● Task input
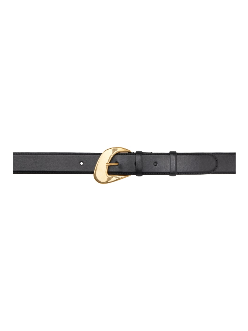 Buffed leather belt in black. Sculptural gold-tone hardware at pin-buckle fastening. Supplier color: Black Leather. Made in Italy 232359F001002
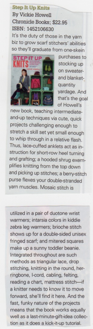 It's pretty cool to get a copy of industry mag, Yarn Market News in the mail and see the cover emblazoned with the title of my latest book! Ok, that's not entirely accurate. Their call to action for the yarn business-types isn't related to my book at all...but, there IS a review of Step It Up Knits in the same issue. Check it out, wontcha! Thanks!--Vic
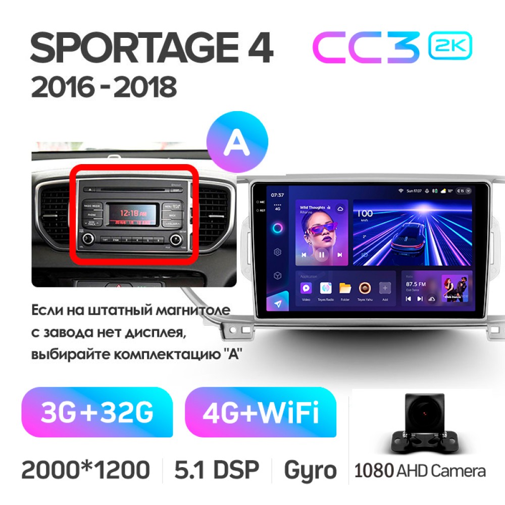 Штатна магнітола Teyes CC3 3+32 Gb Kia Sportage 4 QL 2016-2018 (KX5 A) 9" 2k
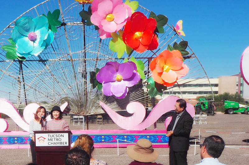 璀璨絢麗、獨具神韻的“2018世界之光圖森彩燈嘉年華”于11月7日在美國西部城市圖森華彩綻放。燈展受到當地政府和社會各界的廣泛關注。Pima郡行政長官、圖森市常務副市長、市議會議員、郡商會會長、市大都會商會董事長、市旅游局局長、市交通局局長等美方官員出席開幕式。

* * *

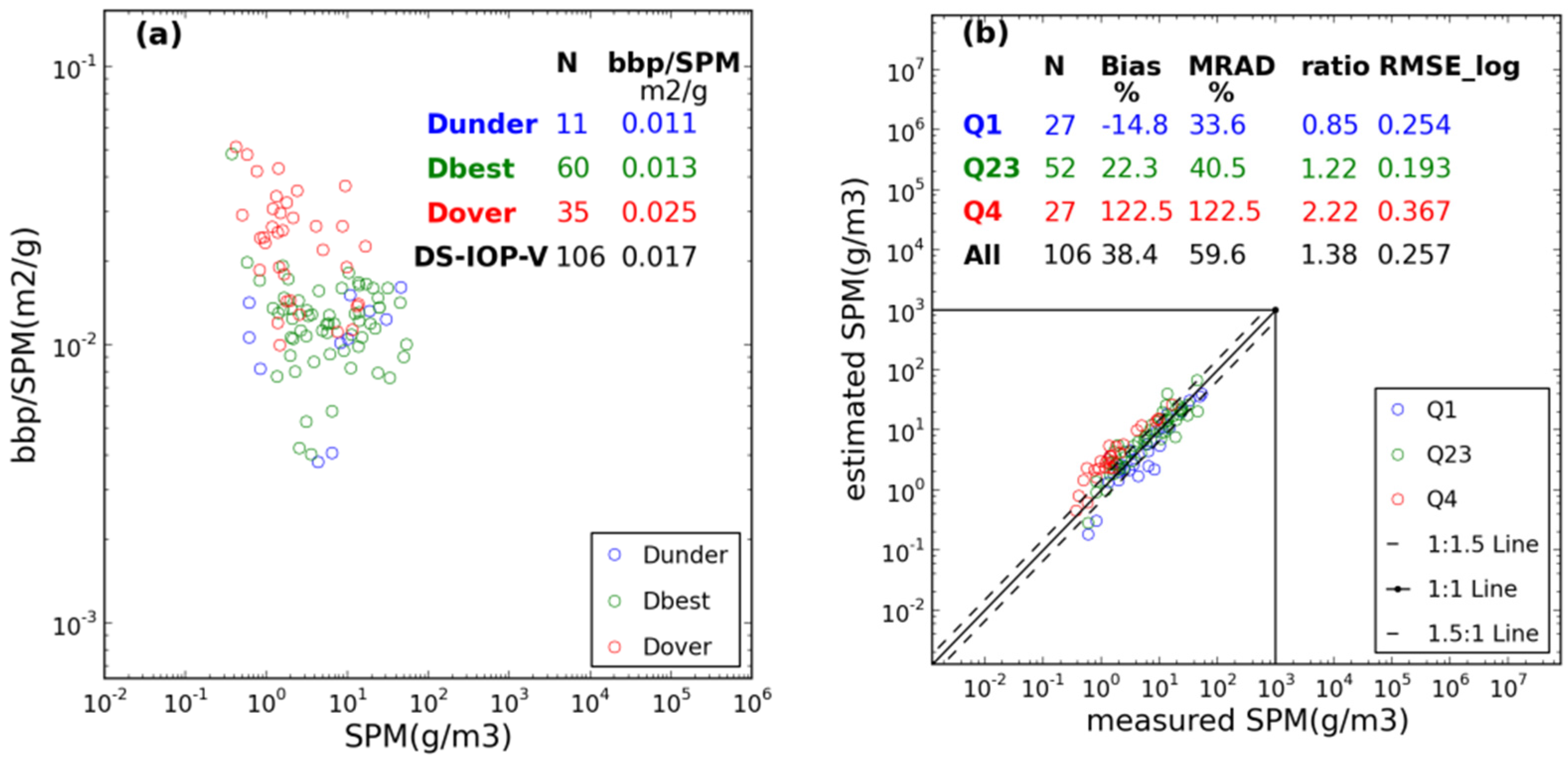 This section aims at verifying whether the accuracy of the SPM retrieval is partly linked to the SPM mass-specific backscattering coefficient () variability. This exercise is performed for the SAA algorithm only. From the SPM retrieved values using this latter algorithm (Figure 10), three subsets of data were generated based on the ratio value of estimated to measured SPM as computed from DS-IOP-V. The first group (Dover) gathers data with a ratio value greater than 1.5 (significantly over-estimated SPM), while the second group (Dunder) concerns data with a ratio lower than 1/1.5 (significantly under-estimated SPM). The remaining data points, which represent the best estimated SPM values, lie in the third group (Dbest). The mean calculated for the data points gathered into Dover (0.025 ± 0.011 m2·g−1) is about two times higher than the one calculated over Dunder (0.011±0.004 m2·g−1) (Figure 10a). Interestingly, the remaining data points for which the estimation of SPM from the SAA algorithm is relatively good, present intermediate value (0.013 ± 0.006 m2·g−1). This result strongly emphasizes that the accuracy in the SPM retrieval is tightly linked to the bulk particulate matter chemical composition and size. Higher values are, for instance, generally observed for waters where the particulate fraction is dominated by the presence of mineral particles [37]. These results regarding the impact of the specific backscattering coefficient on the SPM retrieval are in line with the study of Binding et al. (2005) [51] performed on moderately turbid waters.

● Exercise aim
What belongs in the answer is each line above from the line with "Buffed leather belt" to the line with "Штатна магнітола Teyes", inclusive, reproduced exactly and free of pictures.

● Output below
 Buffed leather belt in black. Sculptural gold-tone hardware at pin-buckle fastening. Supplier color: Black Leather. Made in Italy 232359F001002
 It's pretty cool to get a copy of industry mag, Yarn Market News in the mail and see the cover emblazoned with the title of my latest book! Ok, that's not entirely accurate. Their call to action for the yarn business-types isn't related to my book at all...but, there IS a review of Step It Up Knits in the same issue. Check it out, wontcha! Thanks!--Vic
 Штатна магнітола Teyes CC3 3+32 Gb Kia Sportage 4 QL 2016-2018 (KX5 A) 9" 2k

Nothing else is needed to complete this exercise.